On July 17, 1927, Boca Juniors played a friendly v Spanish club Real Madrid, losing 2–1. It was the first match won by the Spanish side outside Europe.

When Scottish club Motherwell toured on South America in 1928, they played two matches at Boca Juniors, one vs an Argentine Combined (won by the visitor 3–0) and another v Boca Juniors (lost 2–0). That same year, FC Barcelona also played a friendly there during their South American tour, defeating Boca Juniors 2–1 on August 18.

In 1929, a lighting system was inaugurated.

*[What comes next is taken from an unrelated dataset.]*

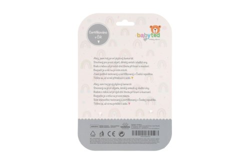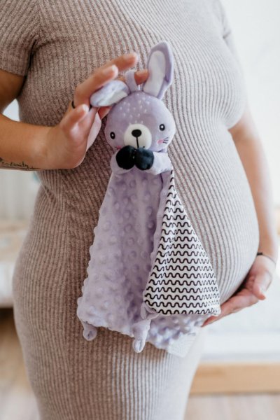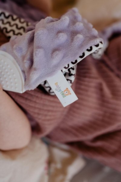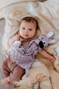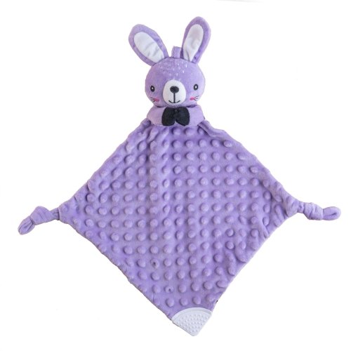 Jemný plyšový usínáček ve tvaru roztomilého zajíčka je ideálním mazlíčkem pro miminka již od narození. Měkký materiál minky s 3D puntíky příjemně stimuluje dotek, uklidňuje a pomáhá miminku cítit se bezpečně při usínání i během dne. Uvnitř je ukryté jemné chrastítko, které podporuje sluchové vnímání. V jednom z rohů je měkké silikonové kousátko, které uleví při prořezávání prvních zoubků. Uzlíky na rozích navíc povzbuzují hmatový rozvoj a snadno se drží i malými ručičkami. Certifikováno v ČR, což zaručuje jeho bezpečnost a vhodnost i pro ta nejmenší miminka.

Lights were mounted over four metallic towers. On 24 December 1929, the first match with the lights was played, a friendly v Newell's Old Boys, which Boca won 5–2.

First projects to build a stadium with concrete grandstands came in 1933. On April 10, 1938, the last match held in the stadium was played with Boca Juniors losing to River Plate 2–1. After that, the old wooden grandstands were dismantled. The grandstand on Casa Amarilla street was traded to Club Ferro Carril Oeste which placed it in its own stadium, on Martín de Gainza street. In return for that, Ferro traded Boca Juniors halfback Arcadio López and allowed Boca Juniors to use its stadium until the new venue was finished. This agreement entered into force since the 1938 season.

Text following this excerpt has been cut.